Further advantages and features of the invention emerge from the following Description of the exemplary embodiments.

Fig. 1 shows a measuring vessel with glue between the measuring cylinder and measuring vessel base.

Fig. 2 shows an e-cylinder and a measuring vessel base connected by means of a plastic part.

in ::: eßzylinaer 11 consists of glass, isU open at the top and melted shut at the bottom. It has a pouring spout 12. A maximum of 100 inl can be measured. The graduation 13 goes from 10 ml to 10 ml, while the intermediate strokes from 1 ml go to 1 ml. The graduation 13 and the intermediate lines 14 as well as the writing 17 are applied by screen printing and have a palpable height. The ãeßgefäßfuß 28 made of ordinary glass has a hexagonal outline and dome-shaped high vault 29, so that the base of the measuring vessel only stands on its outer areas 31.

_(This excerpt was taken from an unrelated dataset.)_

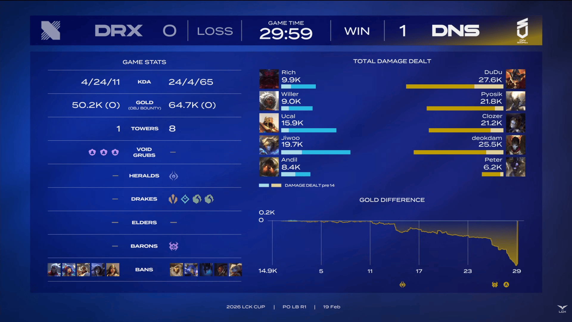 虎扑02月19日讯[GAME1]DRX蓝色方、DNS红色方
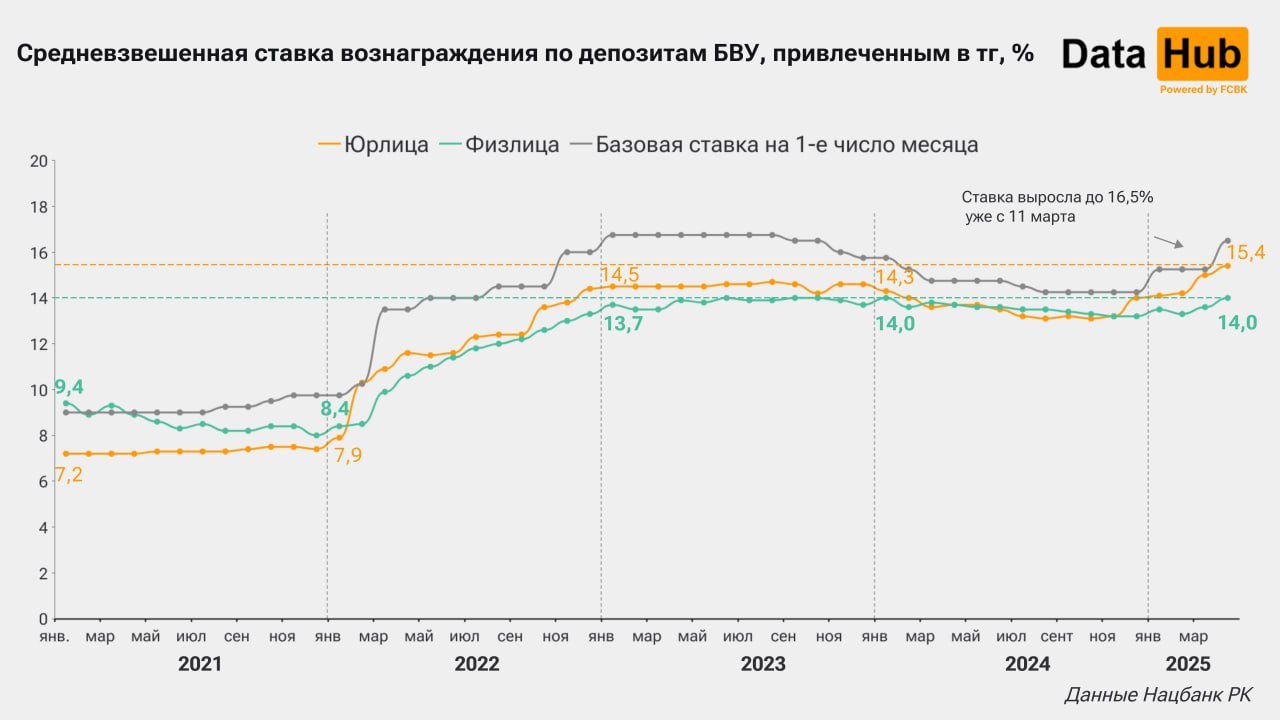 По данным Первого кредитного бюро, в апреле средневзвешенная ставка по депозитам физлиц в Казахстане достигла 14 %. Это один из самых высоких показателей с 2001 года. И ставки продолжают расти — всё дело в жёсткой денежно-кредитной политике Нацбанка.

The base of the measuring vessel 28 and the measuring cylinder 11 are connected with an adhesive layer 19 (Fig. 1 or a plastic part 15 (Fig, 2) that glued on the measuring vessel foot and that holds the measuring cylinder with a force fit.

The plastic part includes the measuring cylinder of two times, so that the Graduation remains visible down to the base of the measuring cylinder.

The clamping plastic part 15 enables the measuring cylinder to be detached 11

Claims (1)

Claims 1. Cylindrical measuring vessel made of refractory glass with one applied to the wall of the measuring vessel, preferably by screen printing, horizontal graduation with a non-fireproof base of the measuring vessel, characterized in that the measuring vessel base 28 is connected to the measuring cylinder by means of adhesive 19 11 is connected or by means of a plastic part 15 under the measuring vessel bottom 28 is glued on and that holds the LIeßylinder 21 by clamping, with the upper part of the measuring vessel connected ist0 2. measuring vessel according to claim 1, characterized in that de measuring vessel foot 28 is made of non-refractory but corrosion-resistant glass or X is made of other solid is made, which is as corrosion-resistant as possible. 30 measuring vessel according to claim 1 with glue between the measuring cylinder and Measuring vessel base, characterized in that, in contrast to the amalgamation of different Glass types in this gluing by means of an adhesive 19 at different Glass expansions of the measuring cylinder 11 and the base of the measuring vessel 28 in the case of heating and To cool down, hold the measuring cylinder and the base of the measuring vessel together and do not shatter. 4. Measuring vessel according to claim 1 with plastic part 15 between the measuring cylinder and Xeßgefäßfhß, characterized in that the plastic part is made of tetraflourethylene or a similar temperature-resistant material is made. 5. Measuring vessel according to claim 1 with plastic part 15 between the upper part of the measuring vessel and measuring vessel base, characterized in that the plastic part is the measuring cylinder 11 from below about 1 cm high from two sides clamped and that with from Edge of the force that can be applied, the measuring cylinder detaches itself from the plastic part.